In a pre-close update for the 2025 financial year, Nedbank stated that the group’s strategic organisational restructure, announced in March 2025, has been finalised.
The move saw Nedbank split its Retail and Business Banking (RBB) and Nedbank Wealth clusters into several segments, including:
- Personal and Private Banking (PPB)
- Business and Commercial Banking (BCB)
- Corporate Investment Banking (CIB)
The restructuring also involves more varied business segments, with RBB now also including Nedbank Insurance and Nedbank Wealth Management.
The bank previously stated that it was looking to upsell clients and is taking a more ‘client-centric’ approach to remain competitive in the banking space.
In addition to the restructuring, Nedbank announced that the group’s R1.65 billion acquisition of fintech company iKhokha has been effective since 1 December 2025.
The disposal of the group’s financial investment in Togo-based ETI to Bosquet is awaiting final approvals in the relevant jurisdictions.
Nedbank said that the local environment in South Africa remained difficult in the second half of 2025.
Amid modest economic growth and geopolitical uncertainty, the impact of US tariffs led to muted transactional activity and further delays in capital investment by corporations and businesses.

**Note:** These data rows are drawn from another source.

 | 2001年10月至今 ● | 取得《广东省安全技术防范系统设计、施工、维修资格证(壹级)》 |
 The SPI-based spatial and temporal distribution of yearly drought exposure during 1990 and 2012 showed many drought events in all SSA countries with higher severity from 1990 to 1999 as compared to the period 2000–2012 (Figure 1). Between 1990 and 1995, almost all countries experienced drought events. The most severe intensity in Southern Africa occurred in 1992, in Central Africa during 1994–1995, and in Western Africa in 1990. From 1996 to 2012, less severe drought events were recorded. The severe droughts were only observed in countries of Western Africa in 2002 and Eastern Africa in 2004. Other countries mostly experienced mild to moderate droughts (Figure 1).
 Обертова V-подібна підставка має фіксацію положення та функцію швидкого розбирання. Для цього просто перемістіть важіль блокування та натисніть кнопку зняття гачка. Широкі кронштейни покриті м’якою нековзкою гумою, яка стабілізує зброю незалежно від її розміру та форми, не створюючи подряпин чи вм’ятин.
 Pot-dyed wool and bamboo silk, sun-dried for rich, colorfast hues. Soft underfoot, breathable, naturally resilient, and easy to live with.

That said, prospects for the year have improved on several fronts, including subdued inflation, which created space for further interest rate cuts.
This will support a more convincing recovery in household credit demand. The overall investment environment has also improved due to progress on structural reforms and enhanced governance.

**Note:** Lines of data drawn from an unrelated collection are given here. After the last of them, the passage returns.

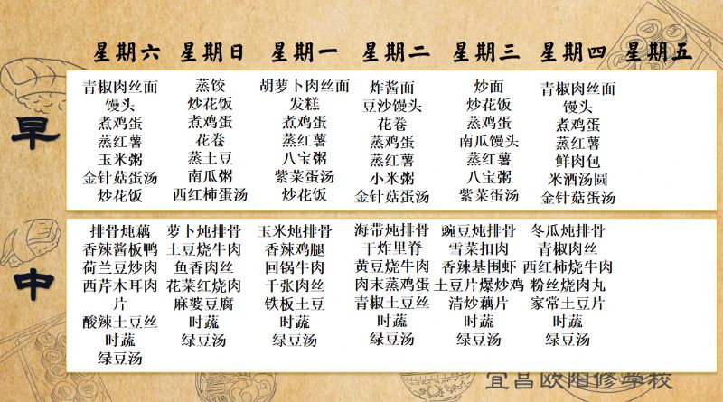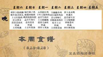 宜昌歐陽修學校每周食譜(8月23日至8月28日)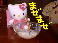 よーくまぜまぜしたら、キティの顔型に入れます。 ...入れたら1/4くらいしかありません。 |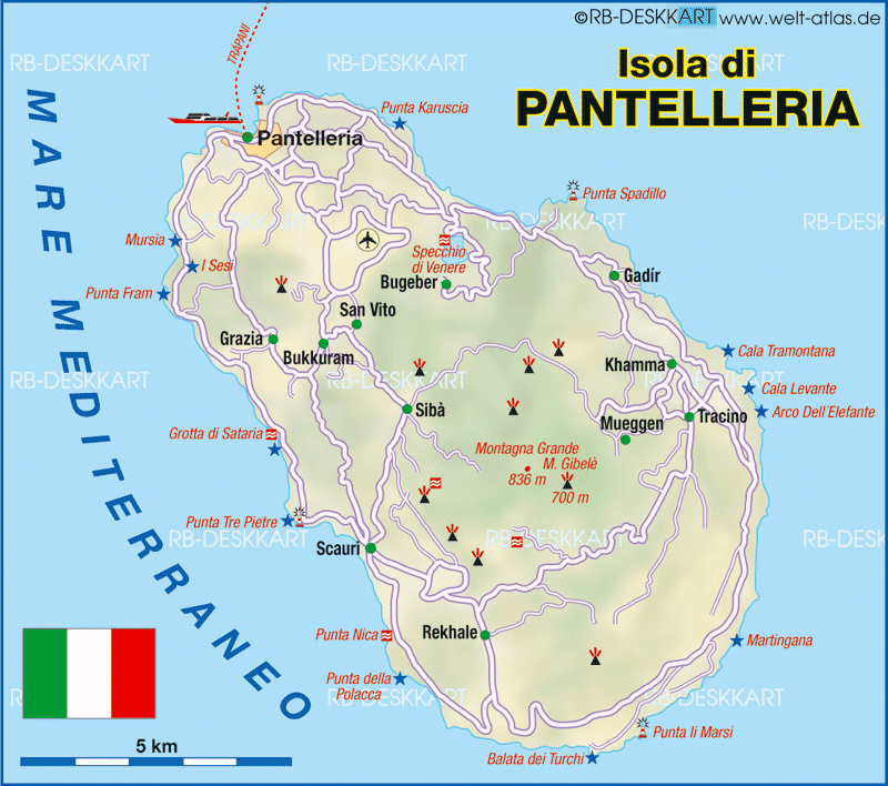 Scegliendo di utilizzare, per la visita della meravigliosa Pantelleria, una mappa turistica tra le più aggiornate che potrete trovare in loco, avrete modo di visualizzare i percorsi sterrati, i sentieri o le strade asfaltate. In questo modo potrete scegliere autonomamente che percorsi sfruttare per giungere alle spiagge attrezzate o ad altri punti di interesse quali vulcani, punti di ancoraggio e sbarco, sorgenti termali.

This led to South Africa’s removal from the Financial Action Task Force (FATF) grey list, continued fiscal discipline and the latest credit rating from S&P.
Muted performance

Nedbank also provided its financial performance for the 10 months to 31 October 2025.
The group stated that headline earnings growth was in line with management expectations, driven by higher levels of net interest income and non-interest revenue.
The company also reported a lower impairment charge and a well-managed expense base.
However, the guidance does not account for a R600 million settlement between Transnet and Nedbank, settled on 25 November 2025.
Net interest income growth of low to mid-single digits for 10M 2025 represented a slight improvement from the 2% growth in the first half of the year.
The group’s impairment charge also improved, ahead of management’s expectations.
The company stated that the annualised credit loss ratio improved period over period to below the midpoint of the group’s TTC target range of 60 bps and 100 bps.
CIB and BCB credit loss ratios were below their respective TTC target ranges. PPB’s CLR improved further and was within the top half of its TTC target range.
Nedbank views CLR as being below the midpoint of its TTC target range for FY 2025.
NIR growth was below mid-single digits in the 10 months of 2025 when compared to the prior period, driven by solid trading and insurance growth.
Excluding the once-off commercial settlement with Transnet, the group said that its DHEPS growth is flat to low single digits.
The group said that its ROE for the period will be 15% or higher for FY 2025.
The group also embarked on a share repurchase this year, with R2.4 billion worth of shares repurchased from shareholders.
At an average share price of R229.53 per share, the group bought shares at a discount to the book value per share of R245.22.